Is it Time to Clear Away Your Mental Fog?


There are times in life when we all expect that cloudy-headed sensation. Maybe you know what it’s like to forget where you put your keys or you start to leave the house in your slippers? We can agree that pregnancy, the early months with a newborn, or periods right after a traumatic experience or grief go hand in hand with mental fog.

But, if you are zipping along in your regular routine and wish you could give your head a good swipe to clear the smudges from your memory, you are not alone. The majority of individuals feel less than prepared to remember important information and problem-solve on a regular basis.


Difficulty with memory and focus are frustrating when we really need to stay productive.
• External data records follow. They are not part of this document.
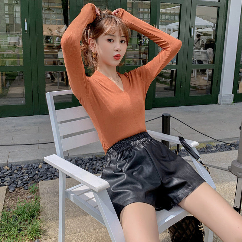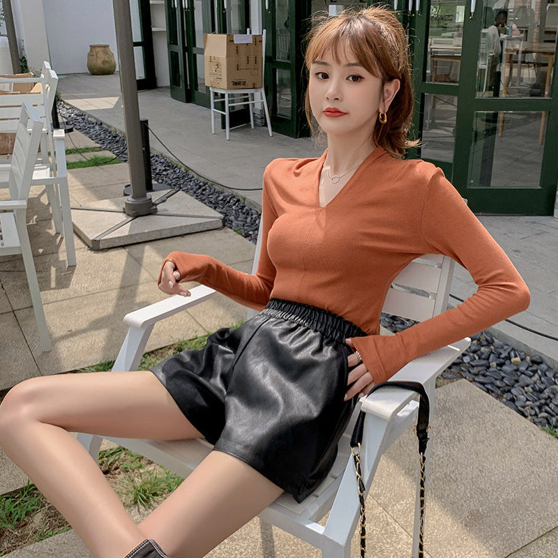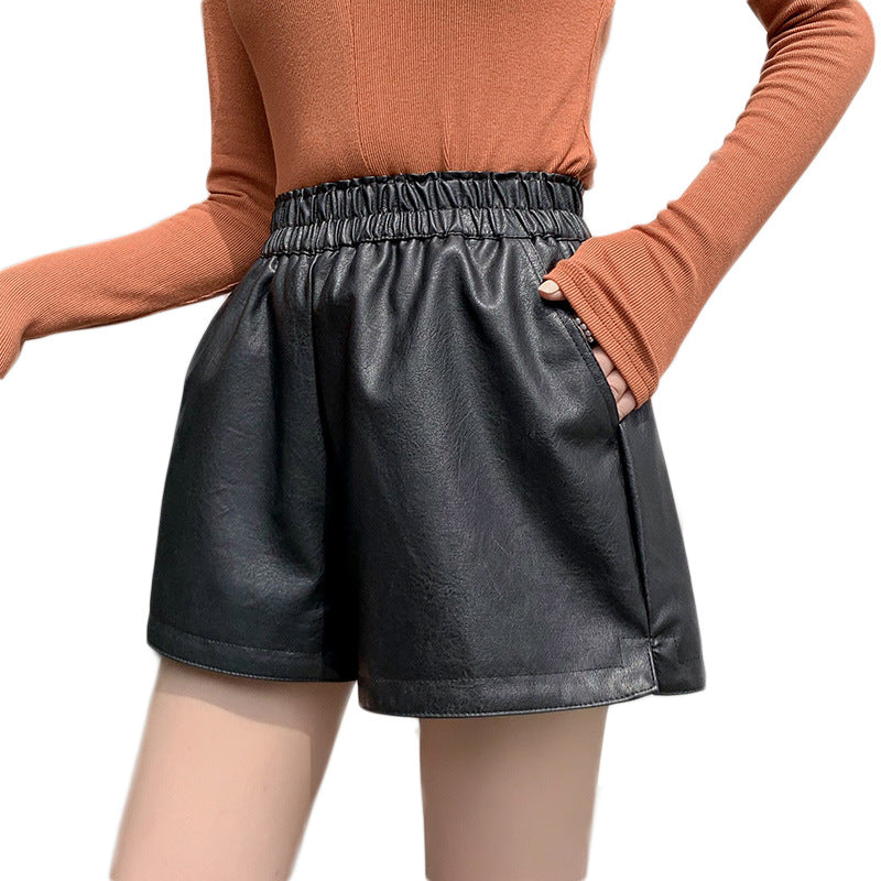 Leather Shorts Autumn and Winter Elastic High Waist A- line Loose Split Wide Leg PU Leather Shorts
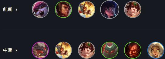 前期可以使用两神射搭配上三国和重装来过渡,妮蔻的装备可以先给到豹女来进行过渡,保证前期的强度。中期的话凑齐四重装三山海,坦度足够,妮蔻的输出装备也直接给到,稳定血量后开始上秘术英雄。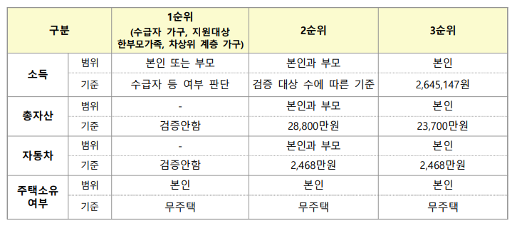 순위별 입주자 순위는 1~3순위로 구분되며 1순위에 해당하는 경우 총자산과 자동차에 대한 검증은 하지 않습니다. 단, 2순위부터는 신청자와 부모의 총자산과 자동차 합계에 따라 제한이 있습니다.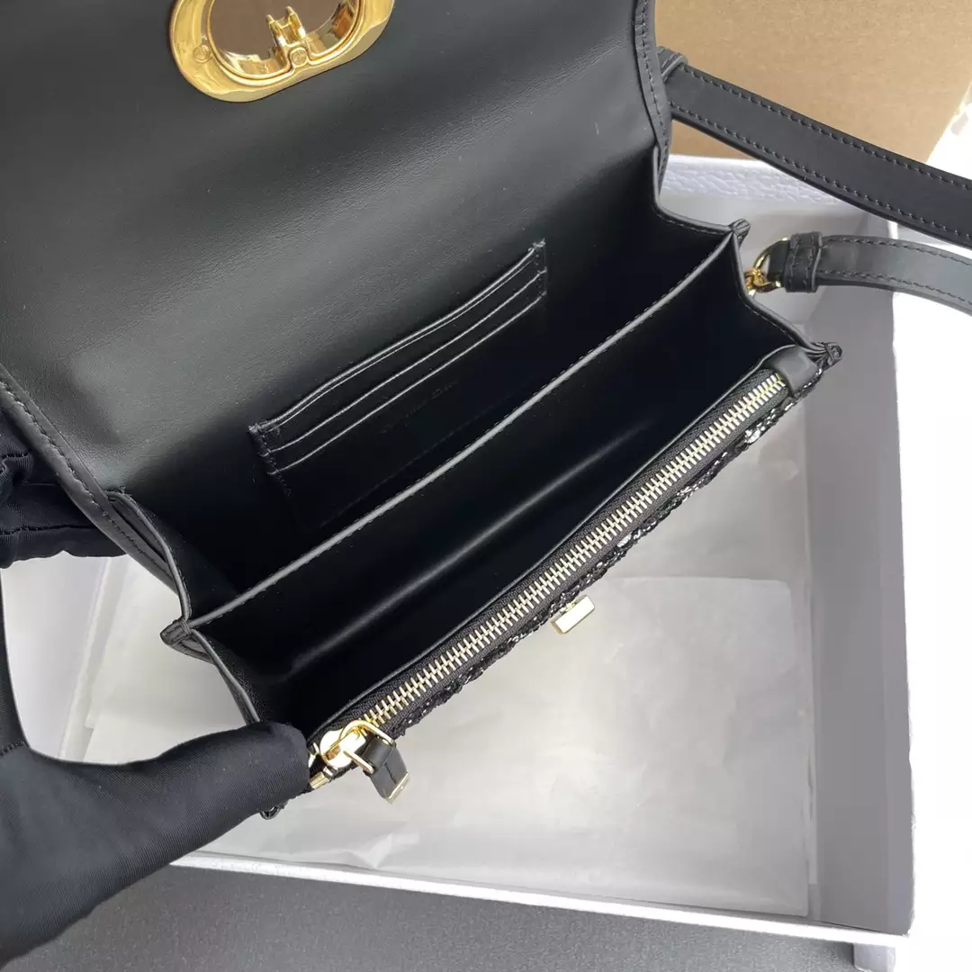 Made with black tweed-effect embroidery, it features the Cannage pattern and a gold CD twist clasp.
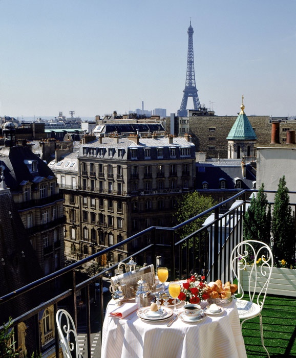 Suite (87-95 кв.м.) - номера на верхнем этаже оборудованы панорамной террасой с видом на Эйфелеву башню и витражную крышу Большого Дворца. Состоят из спальни, гостиной и мраморной ванной комнаты с ванной и душевой кабиной. Возможно совмещение 2-х номеров.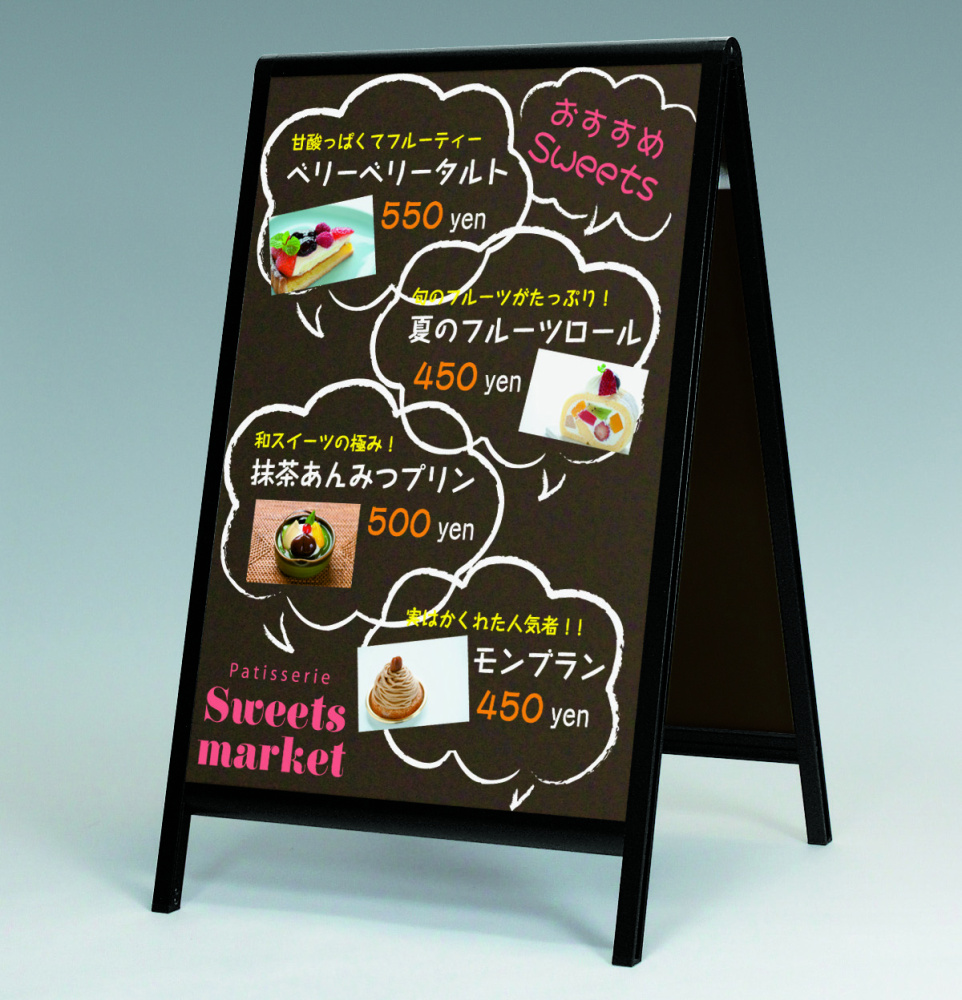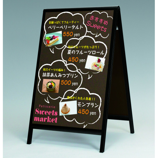 アールデザインが特徴のスタイリッシュな両面使えるマーカースタンド。おしゃれなカフェ・アーバンファッションの店頭にピッタリ。マグネットも使えます。600×900はB2ポスターをセット可能。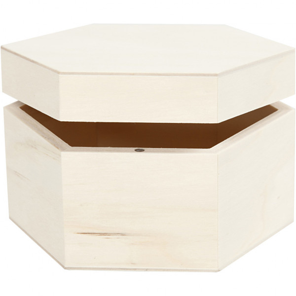 Hexagonal box of light wood with magnetic lock.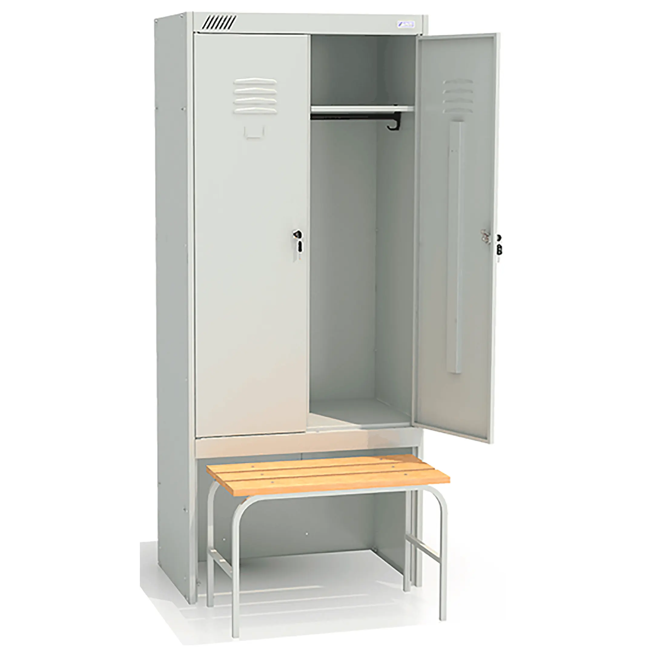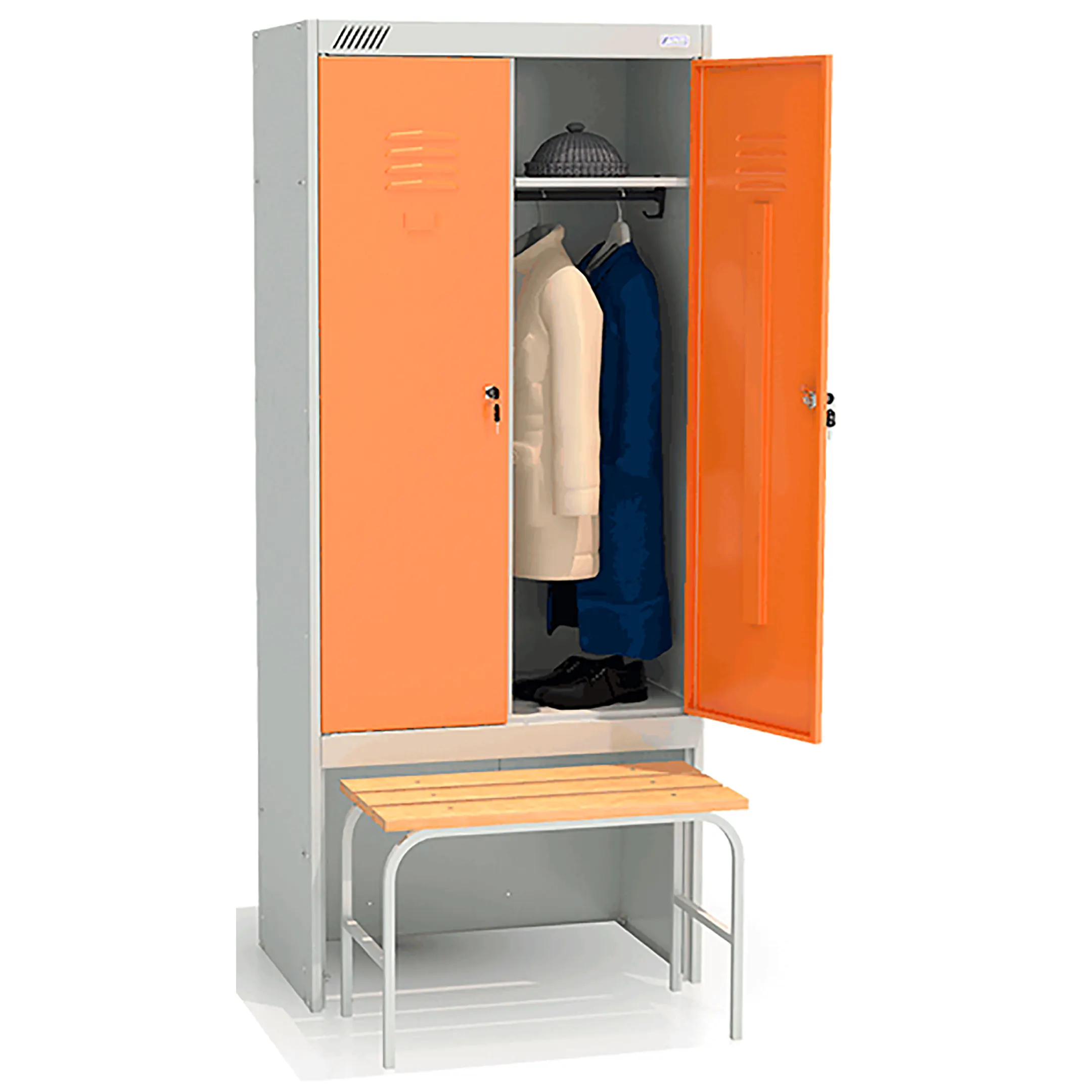 - комплектуется двумя замками повышенной секретности, двумя полками под головные уборы, двумя перекладинами, четырьмя крючками;

If our brains would only allow us to go to a setting and activate that brilliant flash of laser focus like our phones, this would be so much easier. Fortunately, there are practices we can institute quickly that can give our concentration powers a jolt so we can excel more often than not.


An almost instant cleanse to our thoughts occurs when we are in a well-organized environment. Simply decluttering our surroundings conveys a sense of calm that our mind craves. The more scattered our bedrooms, living spaces, and workspaces, the foggier and slower your productive patterns are likely to be. In fact, there is a stack of evidence supporting less anxiety, depression, and greater fulfillment in life when we take a few moments to file the stack of papers or put those odds and ends in their proper places right away.


When what we see is structured and clean, our brains can function in a similar way. Jean Piaget followed by multiple psychologists over the last few decades have described the importance of learning based on a well-structured environment. Stanislas Dehaene, author of “How We Learn” explains how we need a mental model for learning and problem-solving. The amazing capacity and function of the human brain is based on a systematic structure that we need to nurture for optimal performance.


That means we need to cultivate an environment with a variety of stimulating activities that are fairly predictable – kind of like school.  Alternating intense concentration periods with breaks that give attention shifts will ultimately prolong our productive spans such as giving our body a physical signal to boost endorphins through movement every hour. Nurturing our bodies with water and nutrition throughout work delivers the fuel needed to sustain our drive and motivation.


Stress and pressure to perform can deliver a blow to our presence of mind and creative endeavors. Stress in an of itself is not all bad. We need a set of expectations to continually meet in order to stay engaged mentally. Yet, system overload, better known as excessive cognitive load, can flip us over the edge of heightened performance to that overwhelmed feeling that paralyzes us.

If you’ve noticed concerning periods of mental fog that are unexplainable, a doctor visit may be in order. But most of us simply need to organize our approach to clear the foggy-headed sluggishness that pops up during the daily grind. Next time you feel buried in the middle of a project, take a look around and see what might need to be straightened in your view.

A decluttered space equals a decluttered mind.